Game conference focuses on 3D

Wall Street Journal
17 March 2014

18 March 2014

Programmers have long tailored videogames for computers, television consoles, and mobile devices. Now they are targeting three-dimensional simulations enabled by special eyewear, a key focus of a conference this week in San Francisco.

Many developers descending on the Game Developers Conference are expected to come toting prototype videogames, movies, and virtual-reality goggles, updates of offerings that ignited a short-lived technology craze in the early 1990s.

Current players on the scene include the startup Oculus VR, which announced low-cost virtual-reality goggles two years ago. Discussions about creating 3D games to exploit such technologies are on the agenda at the event, known as GDC.

Virtual reality is closely linked to 3D technology, which has long been used in movie theaters and is spreading rapidly to other applications.
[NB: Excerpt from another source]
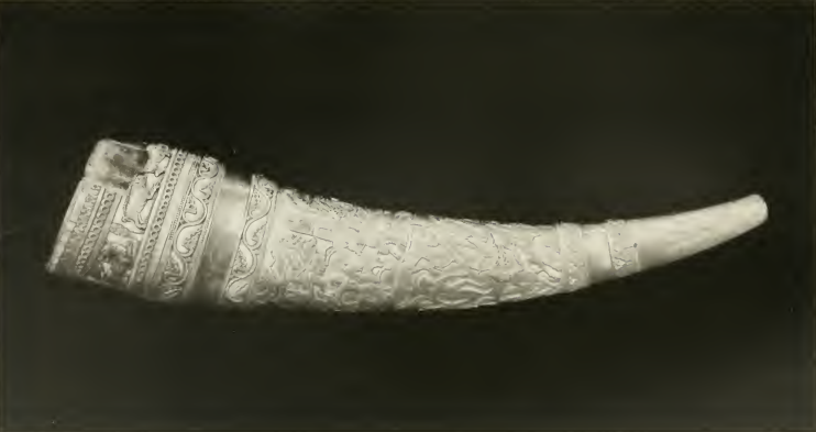 This horn, long held by the Clephane family of Kirkness and Carslogie, Fifeshire, is believed to have been in their possession since time immemorial. Made of ivory, it measures 22½ inches in length, with a circumference of 14 inches at a point 2½ inches from the broad end. The narrow end has a circumference of 3½ inches.

Companies such as Valve Corp., famous for its "Half-Life" and "Portal" videogame franchises, developed products for using this technology in videogames.

Virtual-reality goggles instead have built-in displays to help convey the effect of entering a simulated world, as opposed to relying on transparent 3D glasses for viewing a movie or TV screen.

The new goggles have benefited from advances in the quality and price of display technology, driven largely by the high-volume manufacturing of screens for smartphones.